In [1]:
%load_ext autoreload
%autoreload 2
import discrimination
import numpy as np
from keras.preprocessing.text import Tokenizer
from keras.preprocessing.sequence import pad_sequences
from keras.layers import Embedding, Dense, Activation, Flatten, Dropout
from keras.models import Sequential
from keras import regularizers
import itertools
import pickle
import random
import re
import os

INFO: {'User-Agent': 'Opera/9.80 (X11; Linux i686; Ubuntu/14.10) Presto/2.12.388 Version/12.16'}
Using TensorFlow backend.


---
### Get all texts and split into sexist and non-sexist. For each set, make a list with all sentences.
---

In [None]:
# Get all texts and combine
sex_txts = pickle.load(open("pickles2/sexist_new.p", "rb"))
nsex_txts = pickle.load(open("pickles2/nonsexist_new.p", "rb"))
texts_diary = pickle.load(open("pickles/texts_diary.p", "rb"))
texts_mydiary = pickle.load(open("pickles/texts_mydiary.p", "rb"))
texts_everydaysexism = pickle.load(open("pickles/texts_everydaysexism.p", "rb"))
# New texts come in tuples, with source info, not strings. Fix this
sex_txts = [item[0] for item in sex_txts]
nsex_txts = [item[0] for item in nsex_txts]
# Remove /n from texts (as much as possible) 
sex_txts = [item.replace(" /n ", "") for item in sex_txts]
nsex_txts = [item.replace(" /n ", "") for item in nsex_txts]
# Add the old texts
sex_txts.extend(texts_everydaysexism)
nsex_txts.extend(texts_diary)
nsex_txts.extend(texts_mydiary)

In [None]:
# Split into sentences
sex_sentences = discrimination.texts.sentences_split(sex_txts)
nsex_sentences = discrimination.texts.sentences_split(nsex_txts)
# Save
pickle.dump(sex_txts, open("pickles3/sex_txts.p", "wb"))
pickle.dump(nsex_txts, open("pickles3/nsex_txts.p", "wb"))
pickle.dump(sex_sentences, open("pickles3/sex_sentences.p", "wb"))
pickle.dump(nsex_sentences, open("pickles3/nsex_sentences.p", "wb"))

---
### Tokenize and check how the length distribution looks across the two groups.
---

In [None]:
# Tokenize texts and remove stop-words
sex_tkns = discrimination.texts.tokenize(sex_txts)
nsex_tkns = discrimination.texts.tokenize(nsex_txts)
# Remove stop-words a second time, in case some stopwords where misspelled.
sex_tkns = discrimination.texts.remove_stopwords(sex_tkns)
nsex_tkns = discrimination.texts.remove_stopwords(nsex_tkns)

In [None]:
# Check the average token length (words per token) in each group
sex_wd_cnt = 0
for tkn in sex_tkns:
    sex_wd_cnt += len(tkn)
nsex_wd_cnt = 0
for tkn in nsex_tkns:
    nsex_wd_cnt += len(tkn)

print("Av. number of words-per-token in non-sexist texts is", round(nsex_wd_cnt/len(nsex_tkns),1))
print("Av. number of words-per-token in sexist texts is", round(sex_wd_cnt/len(sex_tkns),1))

In [None]:
# Make some graphs of the number of words per token for more information
list_of_tokens = [sex_tkns, nsex_tkns]
legend = ["Sexist", "Non-Sexist"]
discrimination.texts.tokens_plot(list_of_tokens, (0,0.07), 135, [10,5], 90, legend)
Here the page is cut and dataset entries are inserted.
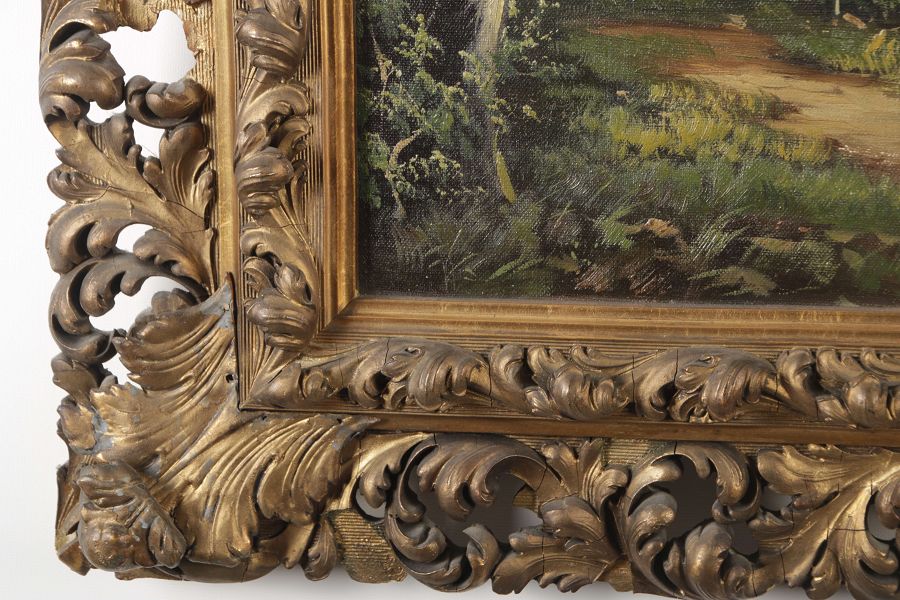 Landschaft Chateau Chillon Leman See, Schweiz Ölbild auf Leinwand 19 Jh. im durchbrochenen Holzrahmen |
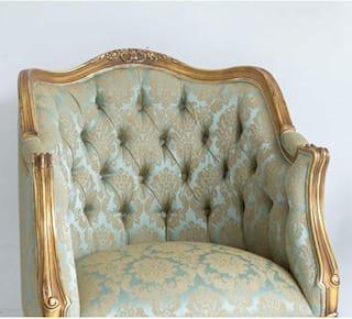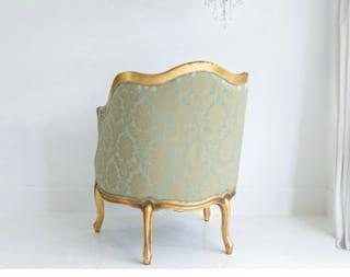 Library Chair – Gold & Green Silk Fabric – Carved Surround – Antique Gilt Range
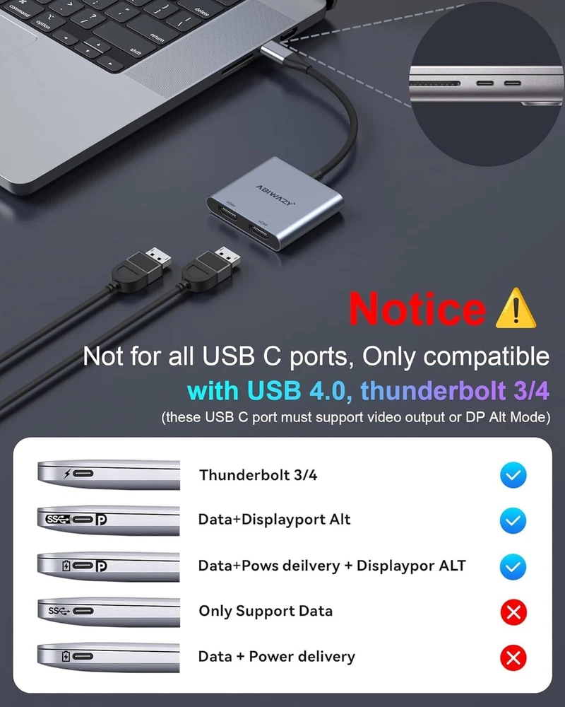 This USB C to Dual HDMI Adapter allows for seamless connection to two monitors, making it perfect for multi-tasking or sharing content with others. The adapter features a 1:2 connetion split/duplication and supports 4K@60Hz resolution, ensuring high-quality visuals for all your computing needs. The HDMI Standard Female connectors on both ends of the cable make it easy to connect to your monitors, while the 1ft cable length provides flexibility in your setup. This Splitter Cable is ideal for those who require a reliable, high-quality connection for their computers.
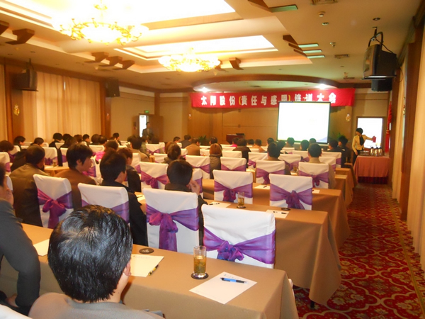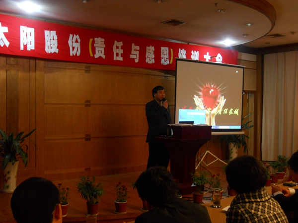 2010年4月11日,公司在上虞宾馆会议室举行了“太阳股份(责任与感恩)培训大会”。公司各部门、车间的负责人、班组长以及科室人员八十余人参加了培训会。会议由北京金蓝盟管理咨询公司的彭占利老师主持,彭老师做了精彩的主题演讲。会议结束时,公司董事长王荣庆先生做了总结发言。
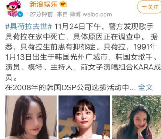在这之后,具荷拉也曾多次在社交平台袒露内心的痛苦,“一句话能杀人,也能救人”,“再见”等等动态,都让不少人对具荷拉的人身安全表示担心。

First of all, the reason it appears that sexist texts have more words per token, when in reality they don't is due to the fatter right-tail of non-sexist tokens, for lengths larger than 100.

However, since extremely few tokens have lengths larger than 128 words, will pad tokens at 128. At the same time I will randomly discard non-sexist tokens with very few words and with more than 100, in an effort to match the distribution.

---
### Match the distribution of the two groups by discarding and splitting non-sexist texts, that are anyway more than the sexist ones.
---

In [None]:
# Load
sex_txts = pickle.load(open("pickles3/sex_txts.p", "rb"))
nsex_txts = pickle.load(open("pickles3/nsex_txts.p", "rb"))
sex_sentences = pickle.load(open("pickles3/sex_sentences.p", "rb"))
nsex_sentences = pickle.load(open("pickles3/nsex_sentences.p", "rb"))

In [None]:
# Split non-sexist sentences into two groups. Those with 50 or more sentneces, and the rest.
a = []
b = []
for item in nsex_sentences:
    if len(item) > 100:
        a.append(item)
    else:
        b.append(item)
# For the group with 40 or more sentences, split all items into 2 sentences.
temp = []
for item in a:
    for i in range(0, len(item), 2):
        temp.append(item[i: i+2])
# Join the group to form the "new" non-sexist sentences
nsex_sentences = b
nsex_sentences.extend(temp)
# Make the sentences into texts again
texts = []
for item in nsex_sentences:
    text = " ".join(item)
    texts.append(text)
# These are the "new" non-sexist texts
nsex_txts = texts

In [None]:
# Tokenize texts and remove stop-words
sex_tkns = discrimination.texts.tokenize(sex_txts)
nsex_tkns = discrimination.texts.tokenize(nsex_txts)
# Spell-check tokens. (Notificaiton every 20.000 tokens)
sex_tkns = discrimination.texts.spellcheck_tokens(sex_tkns)
nsex_tkns = discrimination.texts.spellcheck_tokens(nsex_tkns)
# Remove stop-words a second time, in case some stopwords where misspelled.
sex_tkns = discrimination.texts.remove_stopwords(sex_tkns)
nsex_tkns = discrimination.texts.remove_stopwords(nsex_tkns)

In [None]:
# Discard all tokens with length larger than 128 from both groups
sex_tkns = [tkn for tkn in sex_tkns if len(tkn) <=128]
nsex_tkns = [tkn for tkn in nsex_tkns if len(tkn) <=128]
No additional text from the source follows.